If you've gotten this far without clicking away, thank you. All this to give you an idea of my background and what I expect from this purchase. *I'm looking for something that I can*:


use to put a prepped finish on a piece 
chamfer both long grain, and cross grain on boxes and such 
clean up a board edge coming off the TS (Jointing a board per se) 
use on a shooting board if the need presented itself(or is that a shouting board?)

I suppose my Low Angle block plane would really be the better weapon for the chamfering(#2).

*I'm looking at the WoodRiver #6 Bench Hand Plane*, V3(WC Item #150876). 








Am I fooling myself in thinking this would fit my needs, uh, I mean wants? I bought a WoodRiver plane(Jack #5 as I recall) a couple of years ago and ended up returning it because of the lousy mechanism for advancing the blade. I'll be expecting this one to work as I see in the video, otherwise it will be going back too. Am I expecting too much from a WoodRiver plane?

I am confident this will be my only plane purchase in the next 10 years. I could care less about the Bubinga handle. I don't even know what blade angle it has. Is this #6 the right one for me? Do tell. Unless you give me good reason not to, I expect to purchase it on Thursday(in 2 days). Thank you in advance for any and all input.

FWIW, SWMBO has approved this as an early Christmas present.


----------



## cellophane (Jul 14, 2011)

What's your budget? I'd look at the LN low angle or Veritas low angle jack plane before the WoodRiver. The low angle will be good for endgrain and works well on weird grains and regular grains. The size is a good all-purpose plane and since you have the low-angle block the smaller pieces that the large plane won't work on are covered. If it is your only plane purchase in the next decade you might as well spend the money and get a great one.

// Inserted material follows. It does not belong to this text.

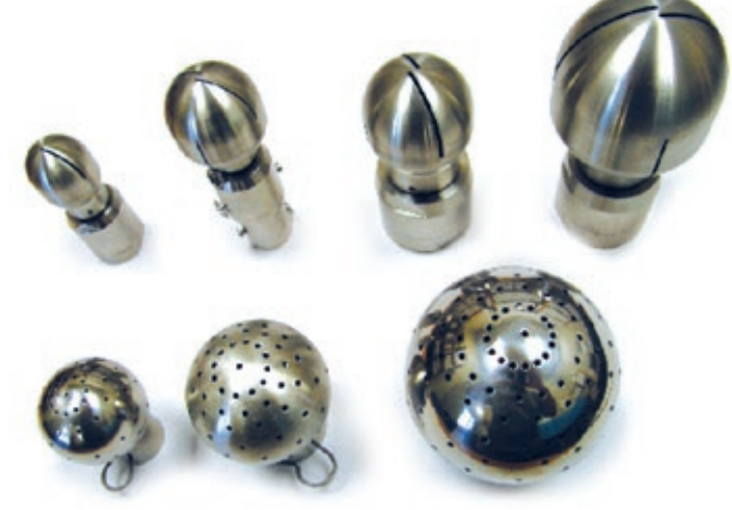
Fixed and rotating sprayheads

I'd also scope out eBay and pick up a #5 Stanley (or #14 Millers Falls) for general work - the Millers Falls was $12 after shipping. I like the Millers Falls more than the Stanley for whatever that's worth. They tend to cost less too. An eBay plane would most likely require tuning but I usually find that to be a fairly enjoyable process.

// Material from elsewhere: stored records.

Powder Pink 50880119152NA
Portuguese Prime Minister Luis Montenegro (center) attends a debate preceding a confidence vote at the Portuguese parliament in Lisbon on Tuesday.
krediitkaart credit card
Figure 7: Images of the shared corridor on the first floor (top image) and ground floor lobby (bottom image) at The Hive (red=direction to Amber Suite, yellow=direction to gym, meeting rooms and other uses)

If you really want to go hog-wild there are a number of modern builders who make some REALLY nice planes or you can look for a Spiers, Mathieson, or Norris but they can quickly hit the 4-digit mark.


----------



## rance (Sep 30, 2009)

cellophane, I should have mentioned that, sorry. I have an opportunity to get this for less than $100. The LN is nice, but I can't justify the cost. $100 is pushing it as it is. After watching Cosman do a very nice demo on hand plane setup, I asked what he recommended to get started. He listed about 6-7 planes, about $1700 worth. He obviously had no interest in finding out who his audience was.

I do mostly smaller boxes but I do some larger work too. I'm wondering also if these longer planes are just too big for some of my smaller work. I'll try the #6 on endgrain before I decide.

I'll look up the Millers Falls. Thanks for the tip.


----------



## Bertha (Jan 10, 2011)

I'd buy a vintage Stanley #5 and if you're not interested in toiling heavily with sharpening, buy a hock replacement set. You should come in under $100 and have an excellent user. You could also send the blade to a galoot around here and have them sharpen it for you for a minimal fee. Others may disagree, but I don't think the Woodrivers are worth $100 on their best day. I'd say spend $30 on a vintage stanley or a few hundred on a new LV. The worst thing you could do is spend $100 on a lousy plane and be put off of them forever. That's a tragedy


----------



## cellophane (Jul 14, 2011)

Stanley made (makes?) a low-angle jack plane. Stanley #62

I've seen LN planes on eBay but never that low. Using a 14" plane on a box works but you need a good 6" of surface or it gets hard to keep the plane steady and even. Not that it can't be done but its harder.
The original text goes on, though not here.